The hairdresser takes too much off the top. Whoops, sorry! she says, holding out a piece of scalp for me to see. I take the little hand-mirror and inspect the damage. A swath of skin pulls away from my brow and wraps around, like a halo. I take the scissors and plunge it into the hairdresser’s leg. Whoops, sorry! I say. She laughs and smears the blood around her leg. It’s red and vibrant. She is liquid inside. There is a glossy sheen brighter than the brightest no-smudge, stay-on, fire-engine-red lipstick. The hairdresser smiles and says I think we should go for it. Just take the rest off. Make a statement. Be bold. Bold. Bold! She keeps repeating her mantra, ripped off the cover of those magazines in the lounge area—everything is billed as bold and new, but I think this is the first time a stylist has meant it. Bold!

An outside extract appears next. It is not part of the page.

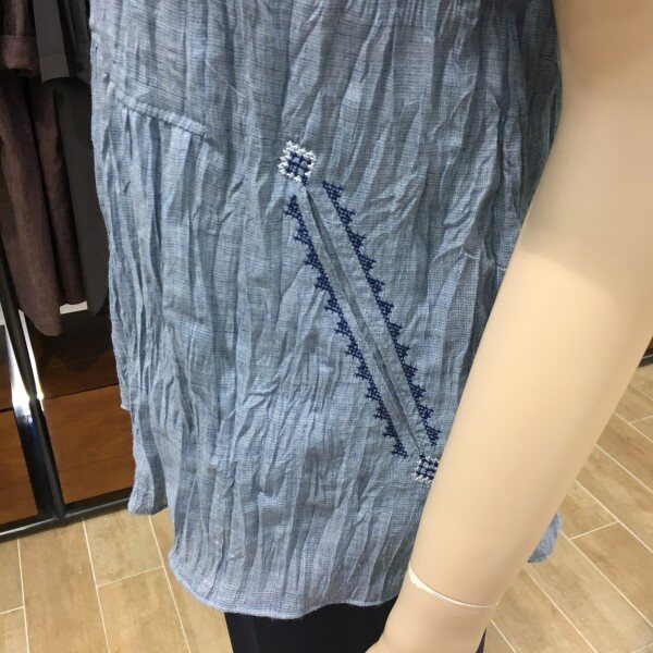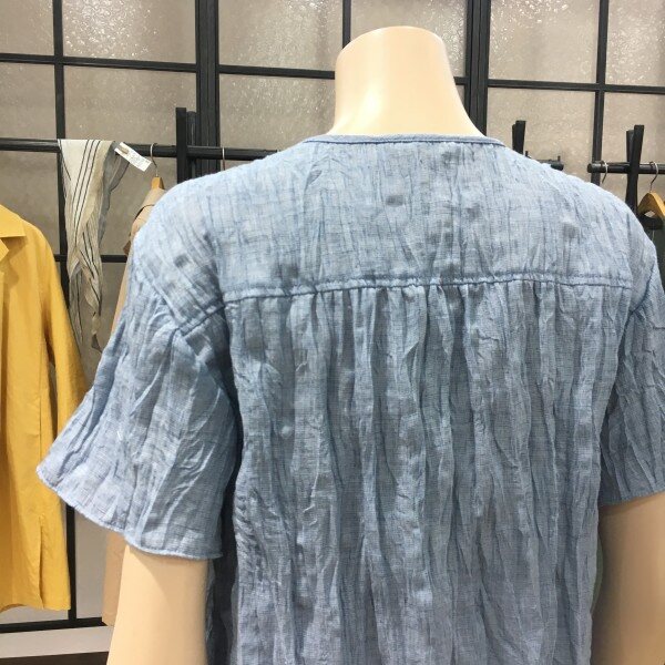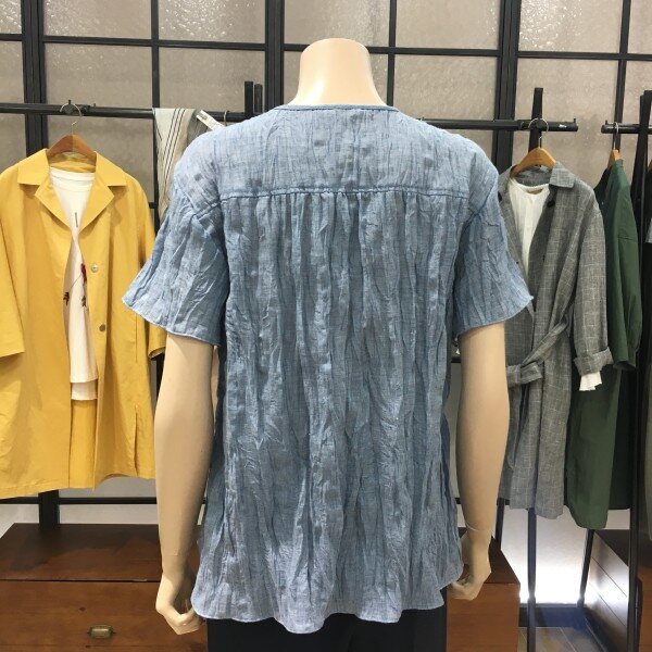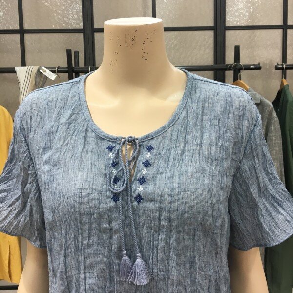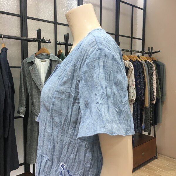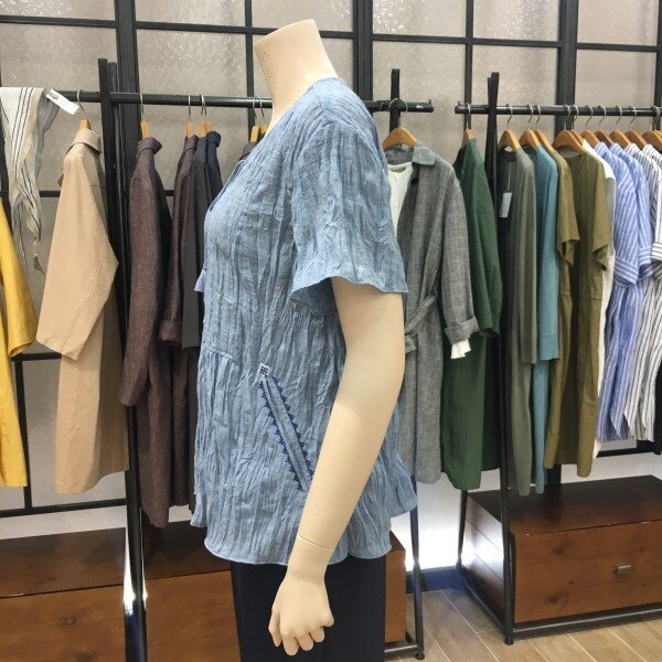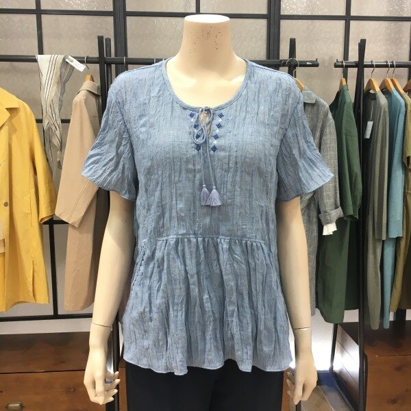 자글자글 주름이 매력적인 시원한 면혼방 소재의 블라우스 입니다 ! 자연스럽게 세로로 주름이 져서 훨씬 날씬해 보여요 ^^ 중간중간 자수 디테일이과 넥부분의 태슬 끈이 귀여운 블라우스라 깔끔한 팬츠위에 입으면 사랑스러운 느낌의 상의랍니다 ! 소매와 밑단은 살짝 프릴진 느낌이라 우아한 느낌이 드는 블라우스 ~ 총장길이는 55사이즈 기준으로 62cm 입니다.

She slices away more scalp, and she pulls on my earlobes like she’s popping open an aluminum can. She peels and yanks downward. Between cuts, she works on herself. She plunges the scissors deeper into her leg and draws the blade away from its origin point. She goes back to work on my neck. Then she uses the electric trimmer, whittling down my shoulders. She turns the trimmers on herself, chipping into her clavicles. She takes away a piece of my lip. What do you think? she asks. In the little hand-mirror, I see my teeth through translucent bits of leftover skin. I smile, and I’m amazed how white they look in this lighting, like I’ve just returned from the dentist. More! I say. Be bold!

The hairdresser retrieves a paper slicer from the back office for more expeditious work. She chops off anything that has the slightest elasticity to it. She chops and chops until there is nothing but the hardest muscles and cartilage. I think I see bone. A woman sitting across the room says I’ll have what she’s having and thinks its clever. 

The hairdresser sits me in front of the salon’s largest mirror for last-looks. The hairdresser takes pictures for her style-portfolio-thingy. She says this will become a hot new craze, and she wants photographic evidence that she thought of it first. She Tweets and posts on Facebook. My phone lights up. I think we’re already trending.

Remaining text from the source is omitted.